Any and all. Honestly.


----------



## KiwiGirl (Nov 13, 2011)

MindOverMood said:


> Yes, I wish I looked like that


lol....the last one is a no for me, his arms are too big.

Hey, no one is perfect. We can never have the perfect body. I don't


----------



## Koolio (Feb 25, 2012)

E


----------



## Evo (Jan 1, 2012)

:um I'm a D lol.


----------



## xTKsaucex (Jun 23, 2010)

I don't see fat. Not that its common, but there are women who like a bit of extra baggage.


----------



## KiwiGirl (Nov 13, 2011)

D is good too


----------



## JustThisGuy (Mar 24, 2012)

Bunnybee said:


> *A*, without the weird boobs.


:b Was thinking that. I was like, "Can the "A", the ectomorph of the group, please represent us without having A cups?"


----------



## AllToAll (Jul 6, 2011)

xTKsaucex said:


> I don't see fat. Not that its common, but there are women who like a bit of extra baggage.


There's no variety whatsoever in those pictures. It seems like the physical progression of a guy before and after steroids... :sus

Anyways, I choose B or C.


----------



## thewall (Feb 1, 2009)

A, B, C, or D


----------



## jsgt (Jun 26, 2011)

What is the difference between the last two? ...besides "F" having a longer right arm


----------



## kiirby (Oct 8, 2010)

Wonder what would happen if this thread was directed at men regarding female body types, instead. Oh, right. 

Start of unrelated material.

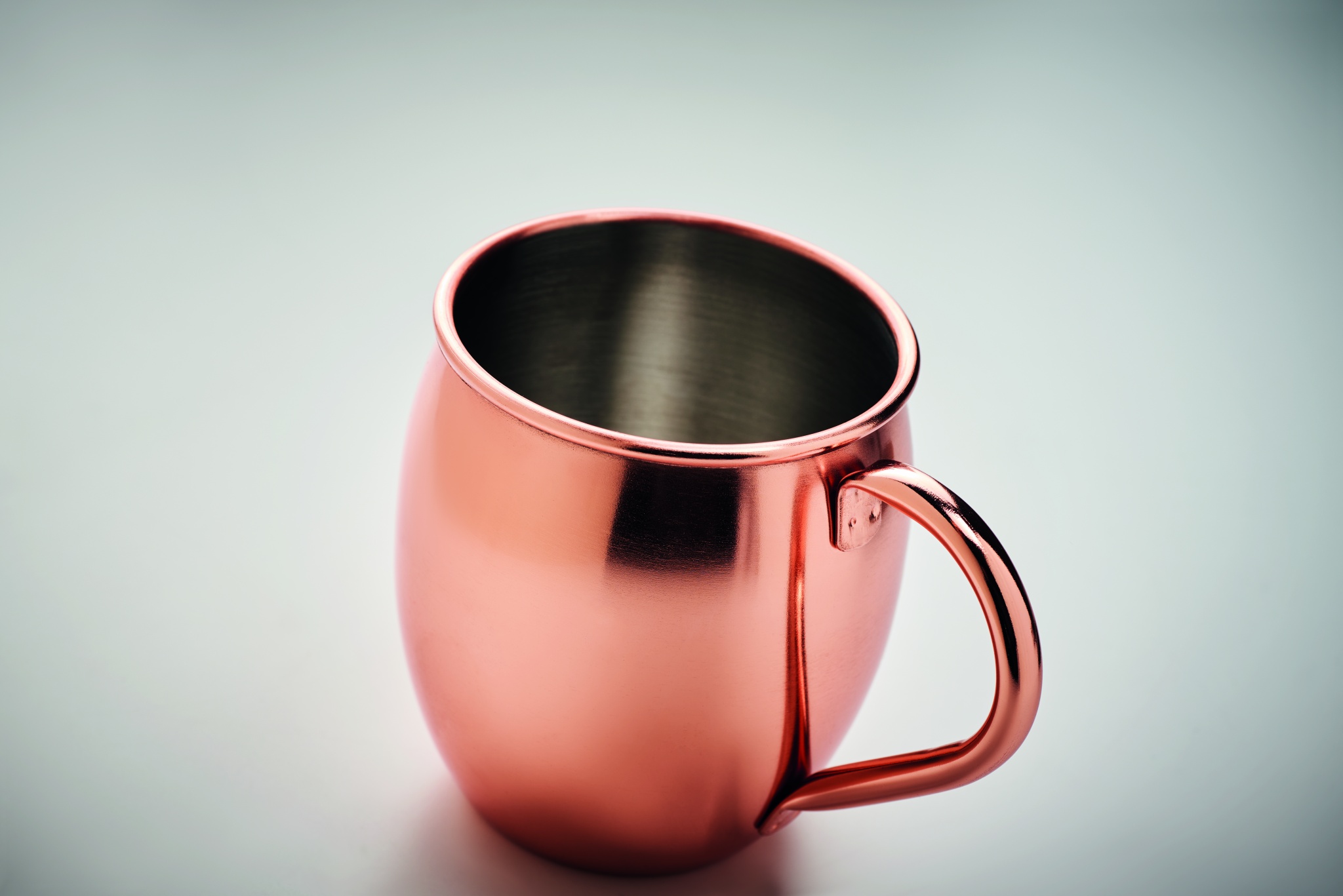 Коктейльная кружка из нержавеющей стали с медной отделкой. Объем 400 мл.

If this forum really advocates sensitivity in terms of body ideals and dysmorphic disorders then please do make it gender neutral.


----------



## veron (Apr 29, 2009)

None of them are really my type. But then again, I might just be picky, lol.


----------



## 50piecesteve (Feb 28, 2012)

AllToAll said:


> There's no variety whatsoever in those pictures. It seems like the physical progression of a guy before and after steroids... :sus
> 
> Anyways, I choose B or C.


i dont see any signs of steroid use in any of the following


----------



## Secretaz (Sep 10, 2011)

F


----------



## AllToAll (Jul 6, 2011)

50piecesteve said:


> i dont see any signs of steroid use in any of the following


In any of the following what? Do you mean in any of the pictures, or the ones I chose?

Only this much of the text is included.